There's a quote that always stuck with me since the very old days:
"Once you put something online, it's there forever"
I wished this was true, because over the years a lot of absolutely valuable content had disappeared. Such content could be an insightful blog, a unique video, an exciting project or even whole communities.
They were things that I found easy to digest, made in a format that reasonated with me, and felt so valuable that I was sure they would remain online somewhere forever. It's heartbreaking to find out that content could permanently vanish, and somehow nobody managing to back it up. The only thing remaining being a vague idea of what it was back then, forcing me to try and attempt to link the pieces of concepts I still remember just to recreate something that was originally perfectly presented. Even after figuring out the crux of a vanished content, the end-result is always a poor imitation of the original. It's like trying to recite a book from memory vs reading the actual book.

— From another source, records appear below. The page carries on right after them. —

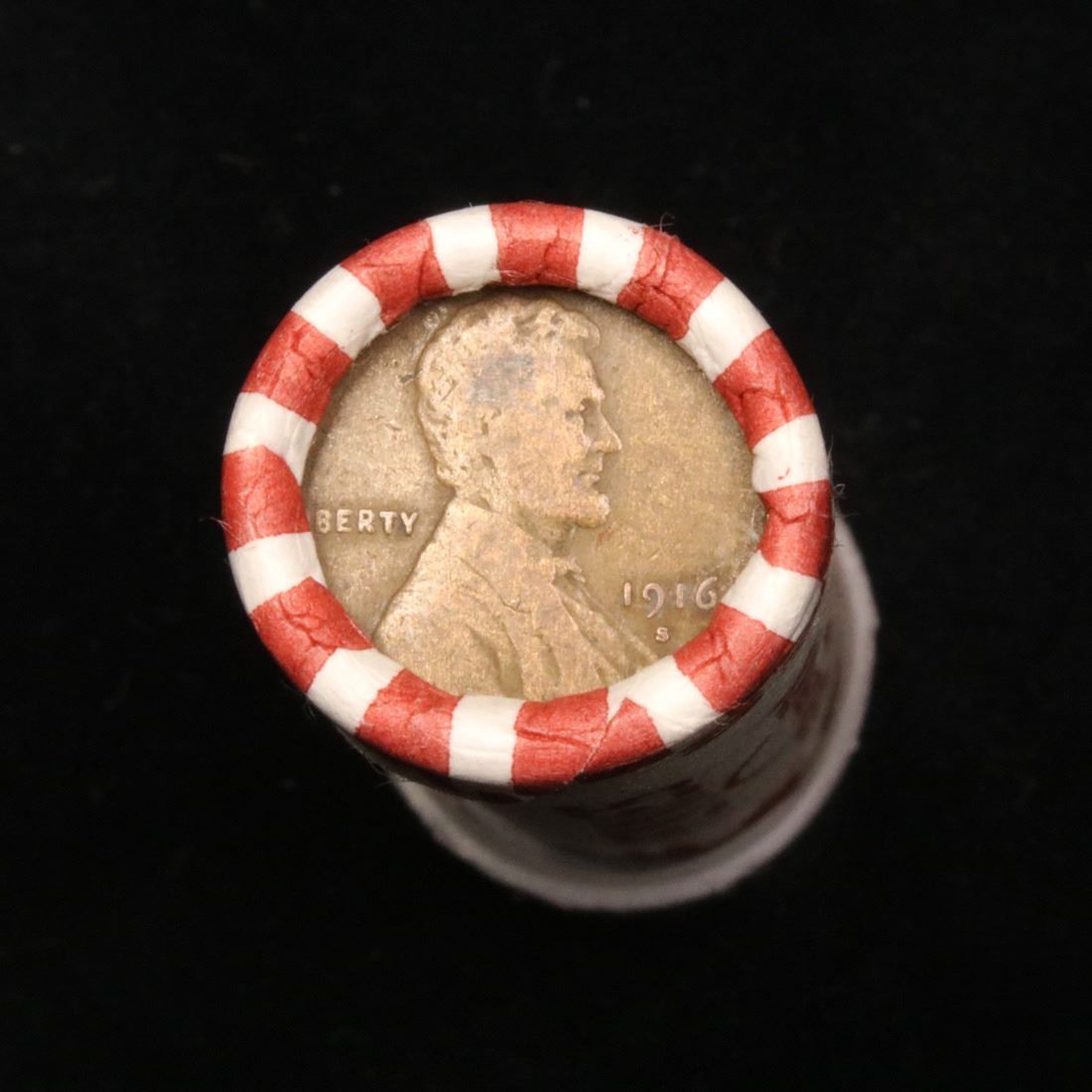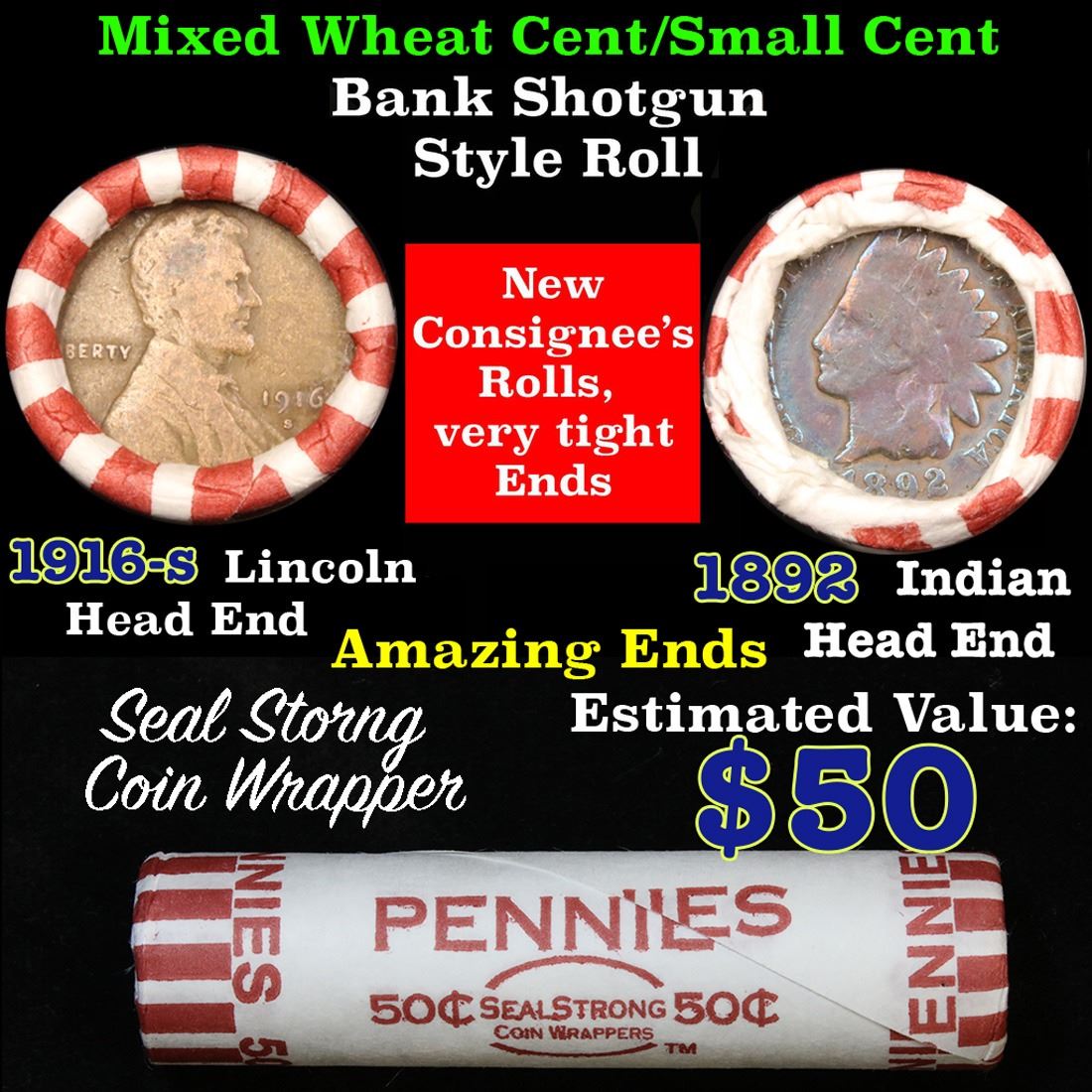 Mixed small cents 1c orig shotgun roll,1916-d Wheat Cent,1892 Indian Cent other end. The roll is held in an old Seal Strong wrapper. Actual roll pictured is the roll you will get. A great original bank shotgun roll with very tight ends. We have been getting excellent feedback on these rolls. Were being told that close to half the roll are teens, some with mintmarks, there are a few Indians in all the rolls, most of the rolls have steel cents. They seem to be PQ Wheaties rolls. These shotgun rolls are all from a new consignee. They are all frrom one Estate.
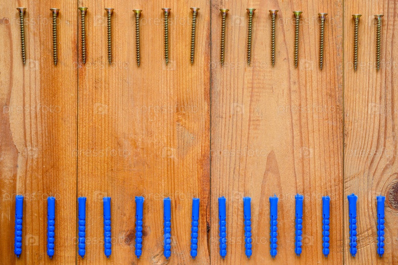 Фон на тему строительства с пустым белым пространством в центре кадра. Сверху ровно уложенные саморезы, снизу ровно уложенные пластиковые дюбеля. Вид сверху
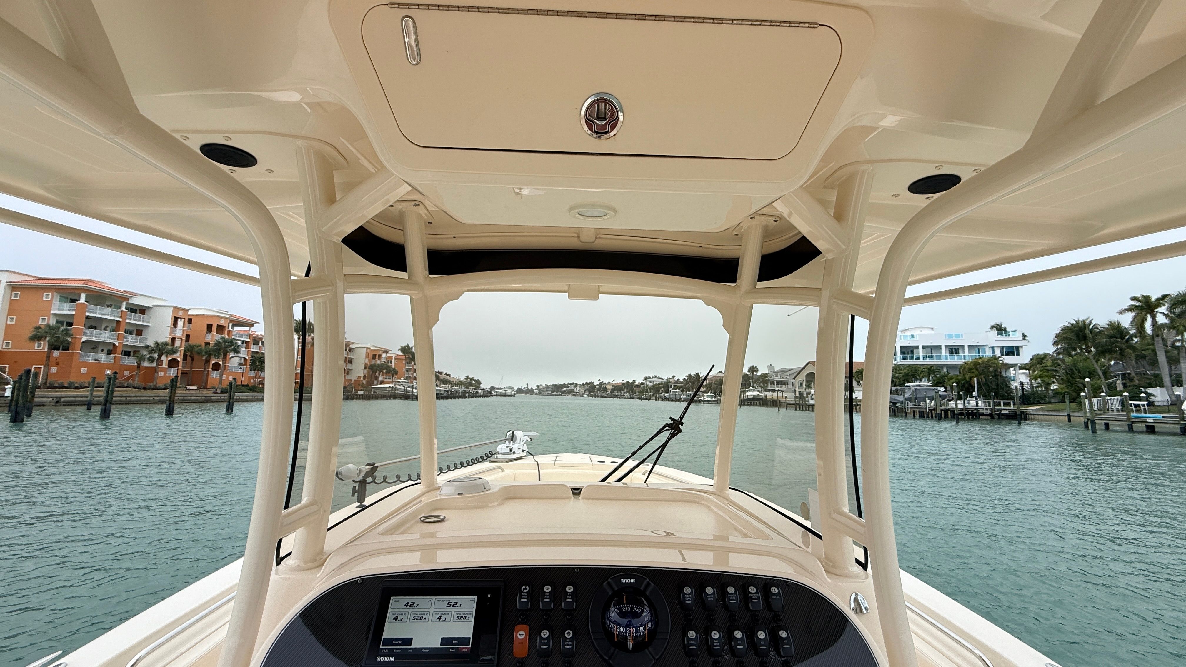 • Twin Yamaha F300 DEC (Digital Electronic Controls): Upgraded gray engines with just 499 confirmed hours. Always serviced annually by certified Yamaha technicians at Quality Boats.
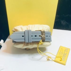 Elegant Invicta watch with a gold bezel. Features a gray strap and silver dial. Perfect for any occasion.
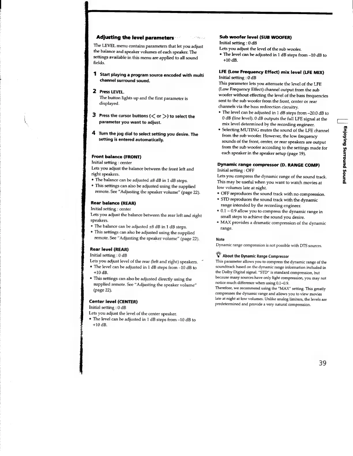 Sony STR-SE591 - Adjusting the level parameters; Front balance (FRONT); Rear balance (REAR); Rear level (REAR)
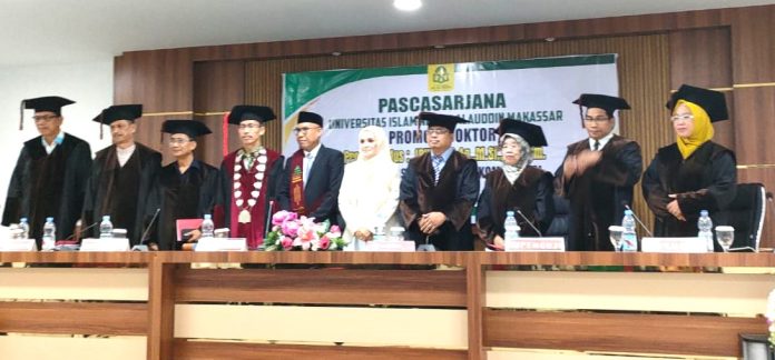 Direktur Program Pascasarjana UINAM Prof. Dr. H. Abustan Ilyas, M.Ag. Mengingatkan kepada promovendus agar tidak berhenti belajar. Bahkan harus mulai belajar kembali.
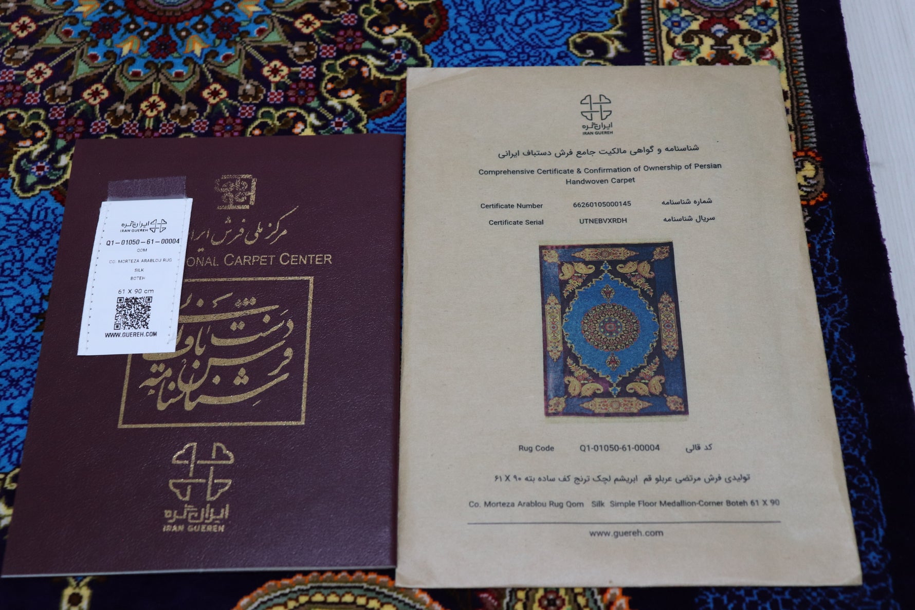 ペルシャ絨毯 クム産 シルク100% [アルバル工房] 豪華メダリオン柄 玄関マットサイズ ID14016
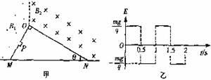 的匀强磁场,方向分别垂直于纸面向里、向外;整个空间存在着竖直方向的、随时问交替变化的匀强电场(如图乙所示,竖直向上方向为正方向)。在距

It is no surprise that most websites through the lens of a search engine are all breeding ground for ads. The internet, an undying source for endless knowledge, has been slowly and silently decaying from its core. The grand archiving efforts from sites like webarchive can only go so far back before gaps start appearing, and I doubt they'll be able to scale indefinitely. I wonder, how much SEO traps are they archiving? How about the AI slop?
This is where the AI (or more precicely LLM) comes in. These big companies, with their insatiable hunger for content and complete disregard for any rules, are all trying to build the largest model possible. In some twisted way, they are actually building the biggest and most compact archive the world has ever seen.
So far, LLMs have managed to fill in the gaps of content I was missing. Perhaps someone did backup the content I was looking for, but they did it in another language, in some obscure source. Or maybe LLMs are just that good at linking things together and delivering them in my preferred format. In any case, after providing vague hints and ideas, it managed to rebuild some of the content I thought I would never find back.
Despite all the bad things these AI companies are doing, they're at least doing one good thing for the future: condensing all knowledge.